Cannon and Shinka had worked together before, half a decade or so prior to the current expedition. Or was it two decades? Offhand, Cannon could not recall. And these people, they aged so fast. Grew old and died in the time it took a Before to pop over to another planet for an errand. Or so it seemed.
“I want to start with all the facts,” Cannon answered, staring intently at the artefact. “Guesswork comes later.”
“Won’t be a lot of facts on this job.” Shinka sounded airy, more casual than the problem deserved, quite frankly. “We’ve got a thousand years worth of facts and what, you could write them all on a single sheet of flimsy.”
“So now we have two sheets of flimsy.” Cannon laughed, free of any mirth. “If we’re lucky. Doubling the knowledge base, even as we speak.”

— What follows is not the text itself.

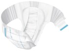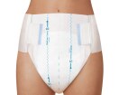 Kalhotky rozbalte, podélně přehněte na půl (absorpční vrstvou dovnitř) a jemně promačkejte, chytněte boční elastické pásky a upevněte vpředu, narovnejte okraje, uhlaďte a ověřte správnost nasazení jediným pohledem. Kalhotky totiž mají na zadní části naznačený střed, který musí být v linii s páteří. Vyměňujte maximálně po 8 hodinách.

“Mostly negative information.”
“Eliminating the impossible.”
“Mmm.” Shinka tapped up something on her pad. “It wasn’t built by humans, at any rate.”

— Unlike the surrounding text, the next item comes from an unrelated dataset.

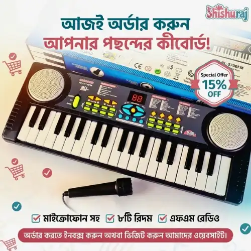 এই Canto Electronic 37 Keys Keyboard Piano বাচ্চাদের জন্য একটি fun ও educational musical toy। 8 tones, 8 beats, microphone ও FM radio feature থাকার কারণে এটি learning ও entertainment—দুটোরই perfect combination।

“Conjecture,” said Cannon.
“Highly probable conjecture.”
“There were a lot of skunk works on the two thousand planets of the old Polity.”
“Enough skunk works to build enough of these to wipe out all two thousand of those planets?”
“No,” Cannon admitted. “But still, this could be of human origin.”
“Do you believe that?”
“No… But I can’t prove the alien hypothesis yet.” It was right, she knew it was right, but this mystery was being played for the highest possible stakes. Since no one knew why the Mistake had happened in the first place, not to mention who or how, no one knew if the Mistake would come again. Just a little more efficient than last time, and the human race would be wiped out.